Mary Vinograd of Bethesda wants to eat wild mushrooms.
But not until she learns more about the sometimes poisonous fungi, she said.
Vinograd was one of about 15 hikers to attend a mushroom walk Sunday morning hosted by the Potomac Conservancy at the C&O Canal near Lock 8 in Potomac.
The walk, along with a medicinal plant walk, were both popular last year, so the conservancy chose to bring them back this summer, said Lydia Tukarski, the conservancy’s communication manager.
The walks are enjoyable because they introduce walkers to flora they may not normally notice, Tukarski said.
The conservancy, a Silver Spring-based nonprofit committed to preserving the Potomac River and its tributaries, hosts free educational walks May through October.
By engaging people in their environment with events such as the walks, they learn to love it, and then they want to protect it, Tukarski said.
Vinograd took notes as Buddy Kilpatrick, a mushroom enthusiast of Arlington, Va., told the group what to look out for.
“[I’m learning] how to keep from killing myself, and my family,” Vinograd said, laughing.
Kilpatrick also brought mushrooms with him, and held up a bolete, one of the best-tasting kinds, he said. But if a bolete has a red sponge on the bottom of its cap and turns blue when you scratch it, it’s probably poisonous, he said.
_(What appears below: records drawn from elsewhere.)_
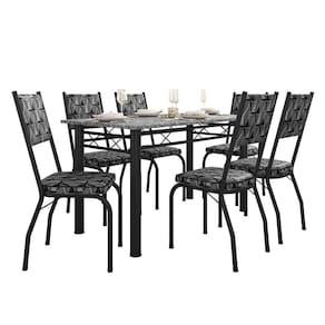 MEDIDAS MESA:: [ A ] = 77 cm [ L ] = 140 cm [ P ] = 75 cm | Medidas Cadeiras:: [ A ] = 90 cm [ L ] = 36 cm [ P ] = 53 cm | PESO CADEIRA:: 6,36 Kg cada | PESO SUPORTADO MESA:: 100 Kg | PESO SUPORTADO CADEIRA:: 110 Kg por pessoa | MODELO:: DIANA PRETO MOSAICO | MARCA:: Artefamol | COR DA MESA:: Estrutura: Preto / Tampo: Granito | COR DA CADEIRA:: Estrutura: Preto / Assento: Mosaico | ESTRUTURA:: Base e Cadeira de Aço | REVESTIMENTO INTERIOR CADEIRA:: Espuma D25 | MATERIAL DO TAMPO:: Granito | GARANTIA:: 3 meses pelo fabricante | AVISO:: A Esplanada Móveis se responsabiliza pela entrega dos produtos adquiridos até a porta de entrada ou portaria do endereço indicado, se a portaria do condomínio permitir, as entregas são efetuadas no piso térreo e é de responsabilidade do cliente | PESO MESA:: 65,74 Kg | TECIDO DA CADEIRA:: Material sintético | ACABAMENTO:: Fosco | ITENS INCLUSOS:: 1 Mesa e 6 cadeiras | ALTURA:: 90cm Cor: Preto Fosc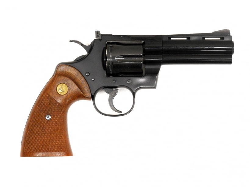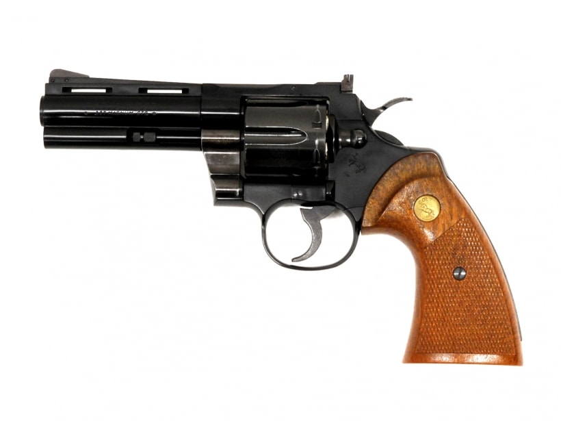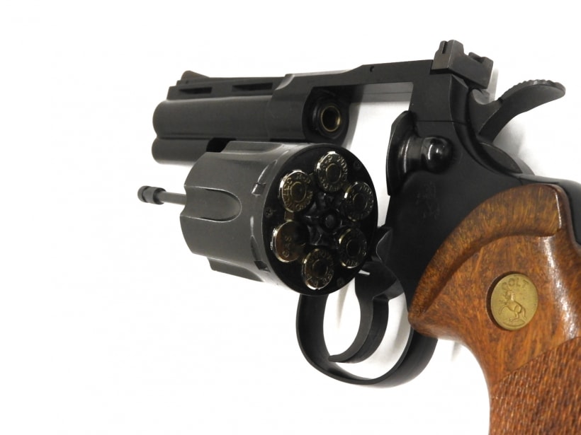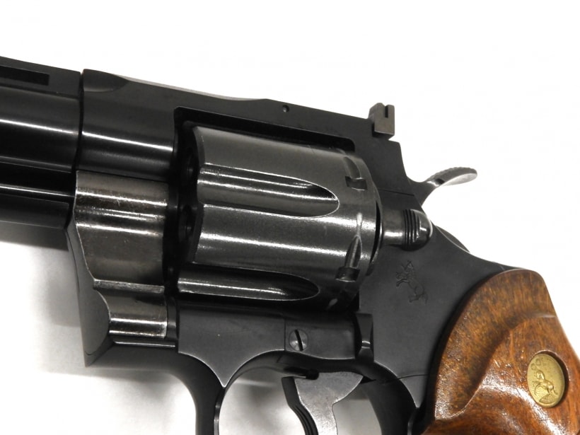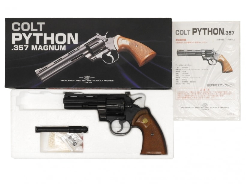 日本でも絶大な人気を誇るリボルバー・コルトパイソン。ペガサスシステム搭載のタナカ製ガスリボルバー。4インチサイズのブラックABSモデル。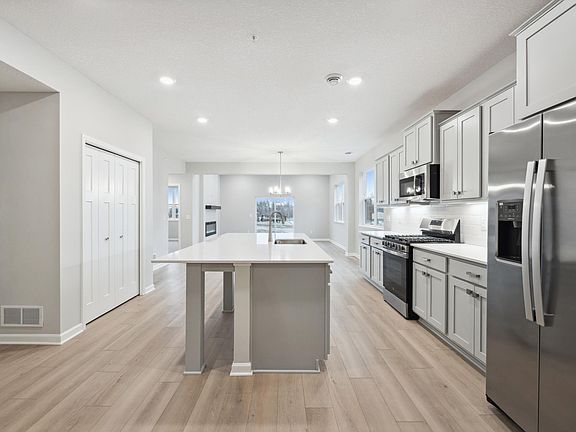 Nestled in the charming city of Corcoran, Minnesota, this 2-story new construction townhome home offers a perfect blend of modern comfort and timeless elegance. As you step inside, you are welcomed by an inviting open floorplan that seamlessly connects the living spaces. The kitchen is a focal point of the home, featuring a spacious island that provides ample counter space for meal prep and entertaining. Whether you are enjoying a quiet family dinner or hosting a gathering with friends, this kitchen is sure to inspire your inner chef. This residence offers 2 bedrooms and 2.5 bathrooms, including an en-suite owner’s bathroom complete with a dual-sink vanity for added convenience and luxury. The owner's suite sits on the first floor, while the second bedroom is located upstairs—both spaces providing comfortable retreats for relaxation and rest.

Kilpatrick has been eating wild mushrooms for 30 years. He reminded the group there are no set rules for which mushrooms are safe to eat out of the more than 20,000 kinds total.
Vinograd said mushrooms intrigue her.
“My father was big on survival, and what we would do if we were stuck in the wild,” she said.
Kilpatrick has no related, formal education. Instead, he learned about mushrooms by joining clubs such as the Mycological Association of Washington, a nonprofit organization that shares information about fungi, and eating them because, well, he was hungry.
“I would go trout fishing, and I kept running out of things to eat.”
He collects about 10 pounds of mushrooms annually. There are a few hot spots in the county, but he wouldn’t reveal them.
“Those are my secret places,” he said.